On 1 June 2015 at 21:42, Marty Faltesek <[email protected]> wrote:
> I disabled IEEE80211_HW_SUPPORT_FAST_XMIT before, and still saw the
> hang. I repeated today to confirm.

Thanks for checking.


> I added the extra ath10k debug flags you requested, and it causes a
> system reset without any messages, very soon after the last hbeat
> timestamp. I've uploaded log "crash.6.1.15.13.46" to
> http://tinyurl.com/dmesg-ftrace.

I guess serial console gave up which isn't really surprising :( Thanks
for checking anyway.


> Any advice on how to bisect when using backports?

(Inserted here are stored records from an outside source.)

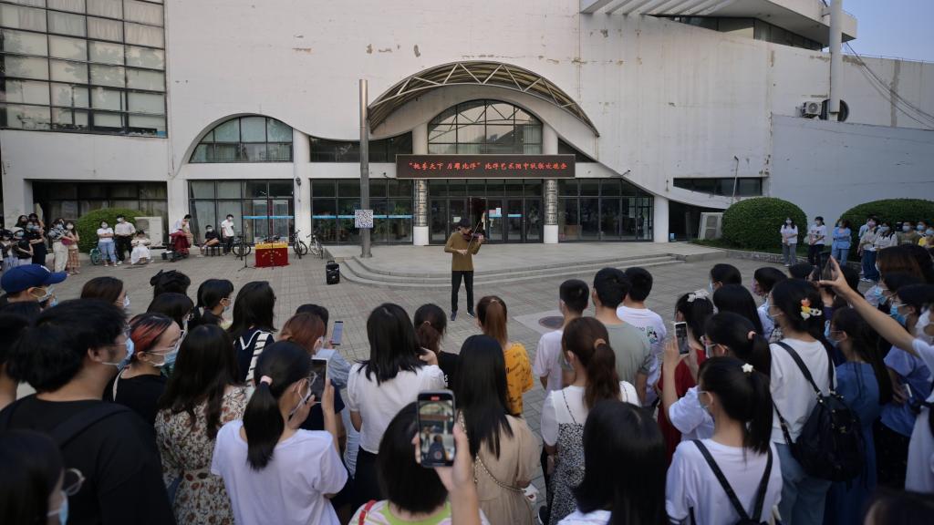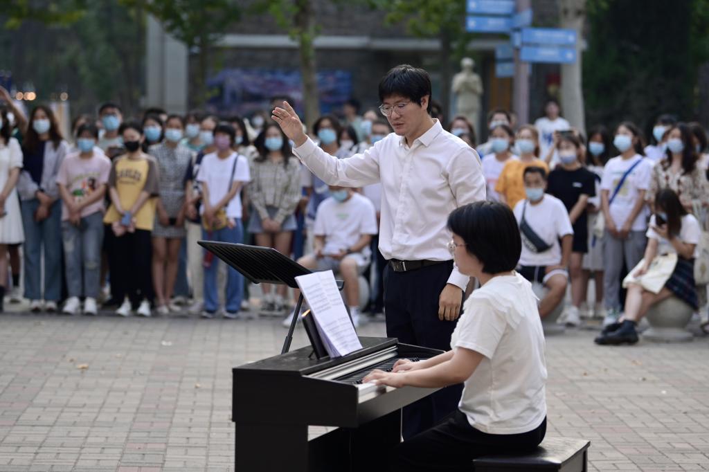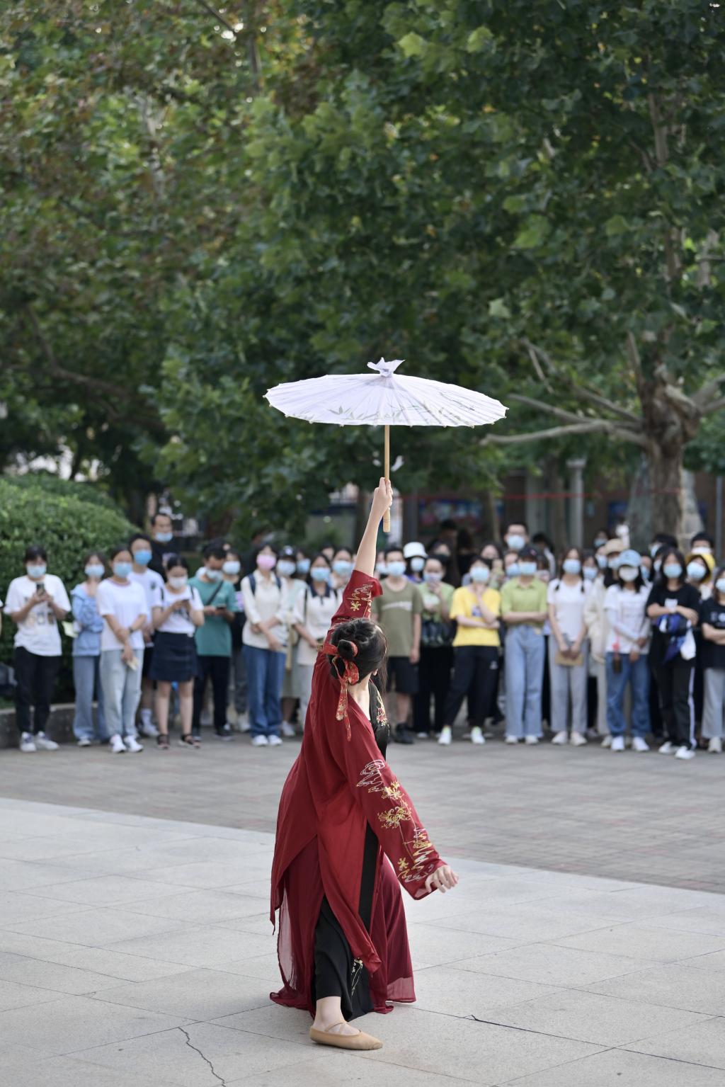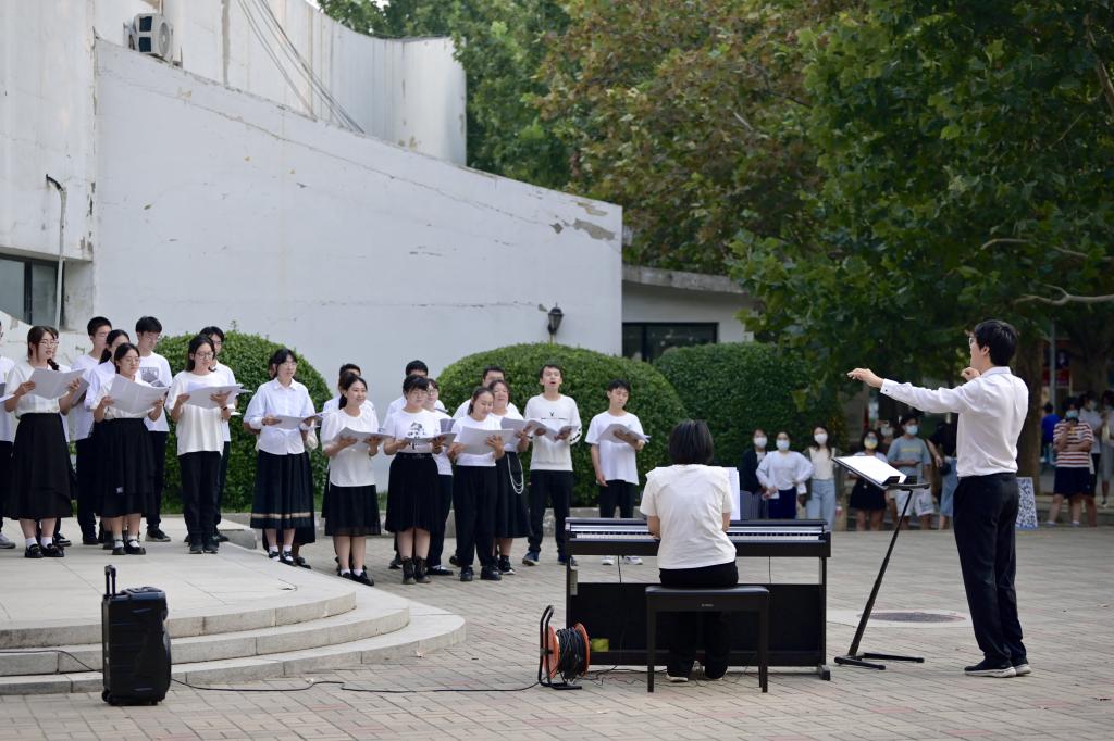 本站讯:9月10日傍晚,卫津路校区大学生活动中心门前,北洋艺术团师生代表举办了2022年中秋联欢晚会。无需门票与预约,同学们的精彩演绎吸引了校园里众多师生驻足观赏。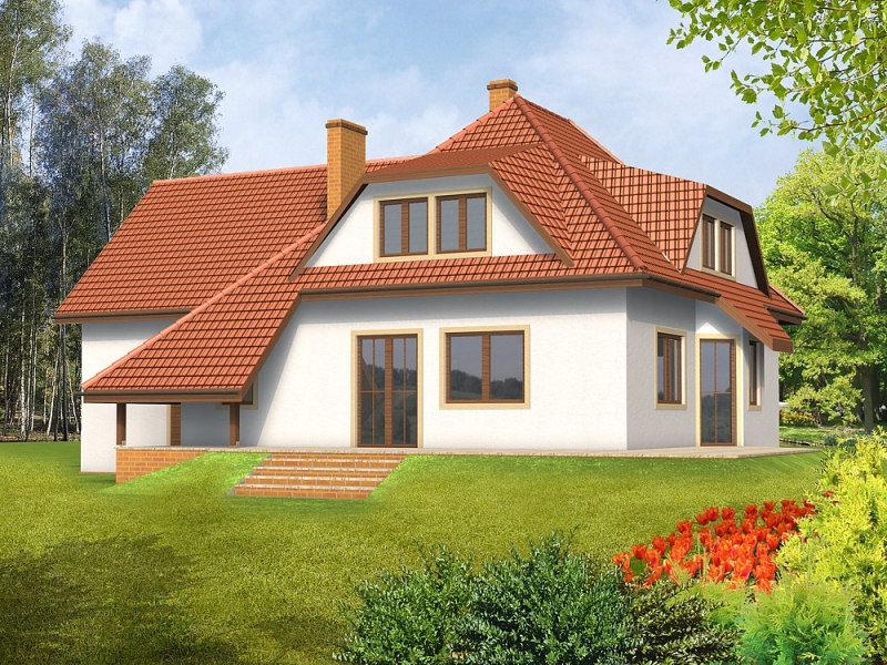 Dom jednorodzinny, parterowy z użytkowym poddaszem i garażem. Wygodny budynek dla 5-6-cio osobowej rodziny. Dom podzielony jest na dwie strefy: dzienną i nocną. Strefa dzienna na parterze to hol, jadalnia, kuchnia, pokój dzienny, kotłownia, wc, natomiast część nocna to cztery sypialnie z łazienką i wc.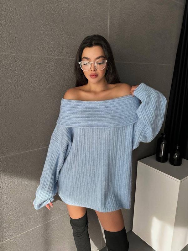 • Светр 🫐 - Модель: 6959 - Производство Турция - Цена: 960 грн - Размер: универсальный (42-46) - Ткань: машинная вязка (100% polyester ) - Замеры (см) Длина 61 Рукав 55 ПОГ 56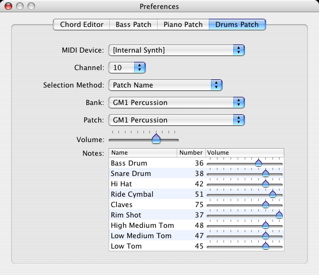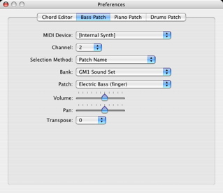 The Bass Patch, Piano Patch, and Drums Patch panels let you specify the MIDI device, MIDI channel, and patch for playing the bass, piano, and drums, respectively. They also let you specify the volume and pan of these instruments, and an optional transposition up or down an octave.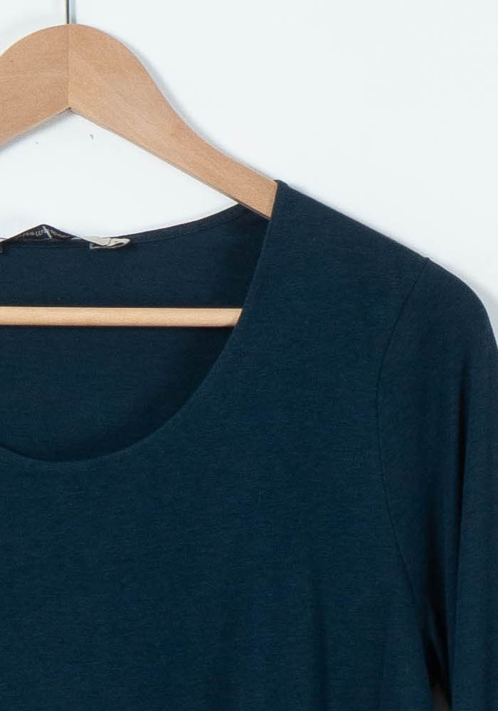 Pull à manches longues La Fée Maraboutée, taille M/38, de couleur vert foncé, au design épuré et col rond. Sa matière fluide et légère, associée à une coupe droite, confère à ce modèle un confort optimal, tandis que l'absence de détails superflus met en valeur son élégance intemporelle. Idéal pour une journée de travail ou une sortie décontractée, il s'associe facilement à tous les styles.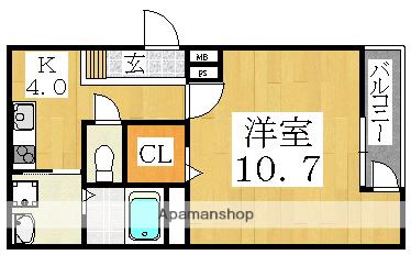 | 間取り詳細 | 洋室(10.7帖)、K(2帖) | ||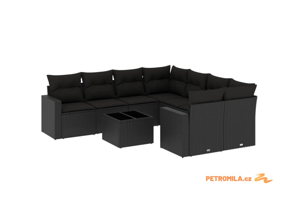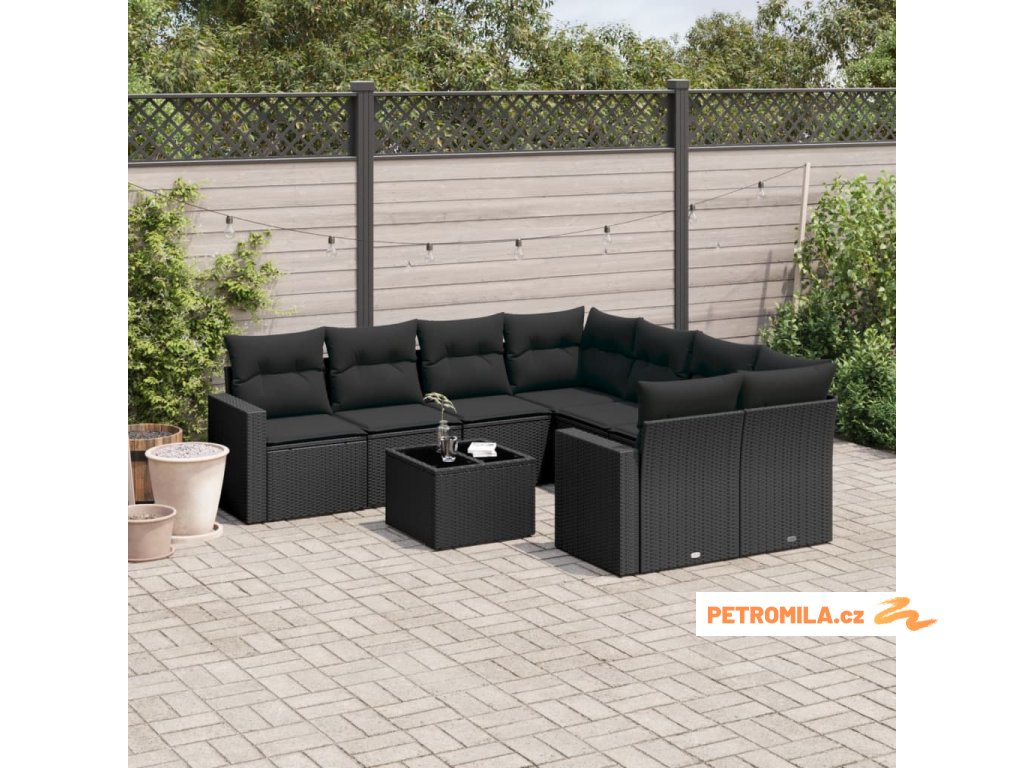 9dílná zahradní sedací souprava s poduškami černá polyratan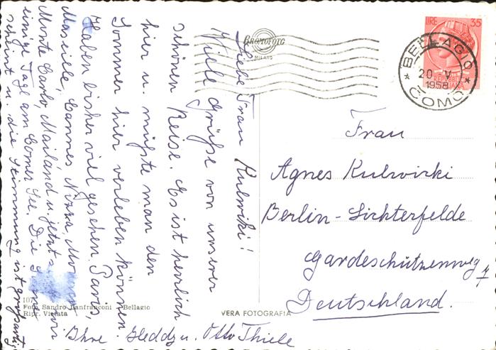 old postcard Bellagio Lago di Como Gesamtansicht postalisch gelaufen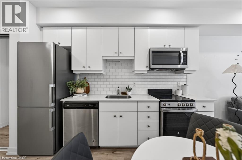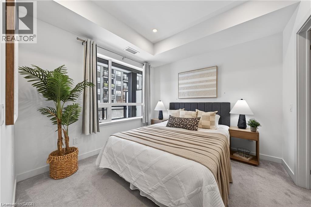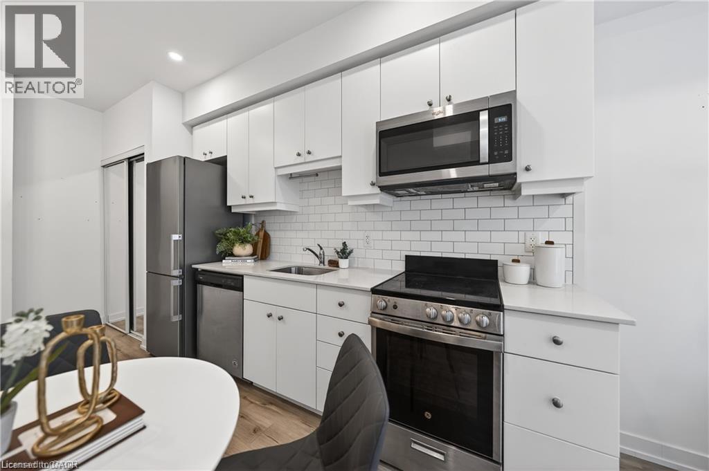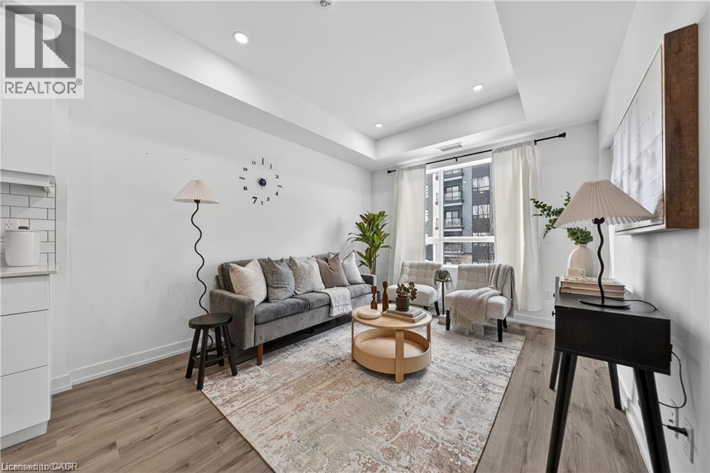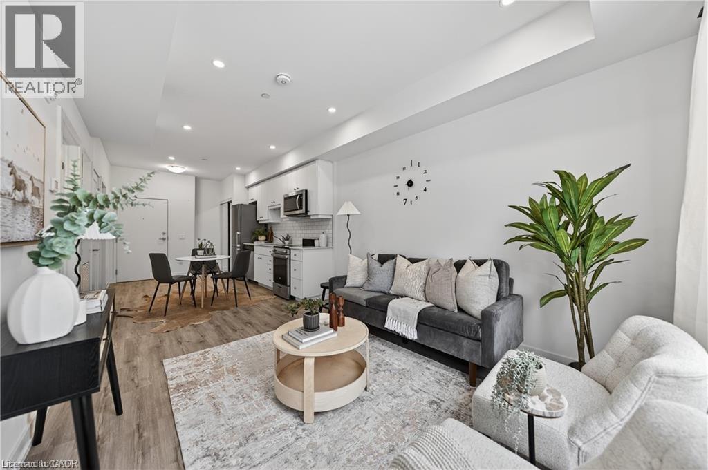 Available MAY 1st! Discover low-maintenance, modern living in the heart of Waterloo. Unit 210 at the Blackstone is a bright, airy 1-bedroom, 1-bath condo offering 573 sq ft of comfortable space. Tall ceilings and built-in blinds enhance the open-concept layout. The kitchen is equipped with stainless steel appliances, durable stone countertops and a contemporary tile backsplash, flowing into the cozy living area with walkout to a private balcony - perfect for morning coffee or evening relaxation. The carpeted bedroom includes a roomy walk-in closet and the 4-piece bathroom is well-appointed. Practical conveniences include in-suite laundry, a storage locker and one underground parking space. The building elevates daily living with plentiful amenities: rooftop terrace with BBQs, exercise room, courtyard with BBQ and firepit, party/study room, bike room and visitor parking. Ideally situated close to Conestoga Mall, grocery stores, restaurants (including Browns Socialhouse), St. Jacobs Market, walking trails and public transit. Ideal for professionals or anyone seeking a well-located, amenity-rich rental in Waterloo. (id:64974)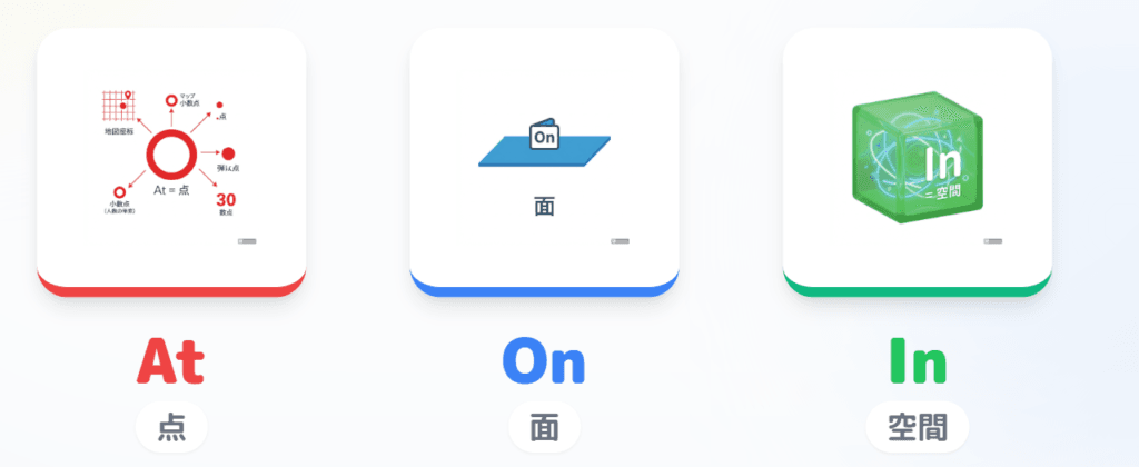 これら3つの前置詞を使い分けるポイントは

Sure. Generally you'll need to do the bisect on your linux-next tree
which you use to generate backports:

git clone git://git.kernel.org/pub/scm/linux/kernel/git/backports/backports.git
git clone git://git.kernel.org/pub/scm/linux/kernel/git/next/linux-next.git
cd linux-next
git bisect start
git bisect good a3da0fb6
git bisect bad f17107c
# repeat:
cd ../backports
./gentree.py --clean --git-revision HEAD ../linux-next ../backports-output/
cd ../backports-output
# configure, make, test
cd ../linux-next
git bisect <good|bad> # "good" if problem doesn't reproduce, "bad" if it does
# goto repeat


Michał




>
> On Mon, Jun 1, 2015 at 4:27 AM, Michal Kazior <[email protected]> wrote:
>> On 1 June 2015 at 09:13, Kalle Valo <[email protected]> wrote:
>>> Michal Kazior <[email protected]> writes:
>>>
>>>> +ath10k list
>>>>
>>>> On 1 June 2015 at 03:37, Marty Faltesek <[email protected]> wrote:
>>>>> Starting with backports-20150511, and continuing with
>>>>> backports-20150525, we see frequent system hangs. backports-20150424
>>>>> had no issue.
>>>>
>>>> I don't see such binary releases on
>>>> https://backports.wiki.kernel.org/index.php/Main_Page
>>>> Hence I don't know what kernel you've backported the drivers from and
>>>> I can't compare anything.
>>>>
>>>> Can you provide more details, please?
>>>
>>> I suspect it's from here:
>>>
>>> https://www.kernel.org/pub/linux/kernel/projects/backports/2015/05/25/
>>>
>>> The backports project pages are a bit confusing and that location is
>>> hard to find.
>>
>> Oh, thanks!
>>
>> Hmm.. There was a ton of changes between 20150424 and 20150511. For
>> one, ath10k started to use chanctx API and FAST_XMIT. But it's not a
>> given these two are to blame.
>>
>> The latter can be easily disabled by removing
>> IEEE80211_HW_SUPPORT_FAST_XMIT from ar->hw->flags in ath10k's mac.c.
>> The former.. not so easy. I'd be awesome if you could do a git bisect.
>> The commit ids are a3da0fb6(good) f17107c(bad) (you need linux-next
>> git repo including its tags for these ids to be resolvable).
>>
>>
>> Michał

2015-06-01 19:42:50

by Marty Faltesek

[permalink] [raw]
Subject: Re: system hang with backports-20150511/20150525

I disabled IEEE80211_HW_SUPPORT_FAST_XMIT before, and still saw the
hang. I repeated today to confirm.

I added the extra ath10k debug flags you requested, and it causes a
system reset without any messages, very soon after the last hbeat
timestamp. I've uploaded log "crash.6.1.15.13.46" to
http://tinyurl.com/dmesg-ftrace.

Any advice on how to bisect when using backports?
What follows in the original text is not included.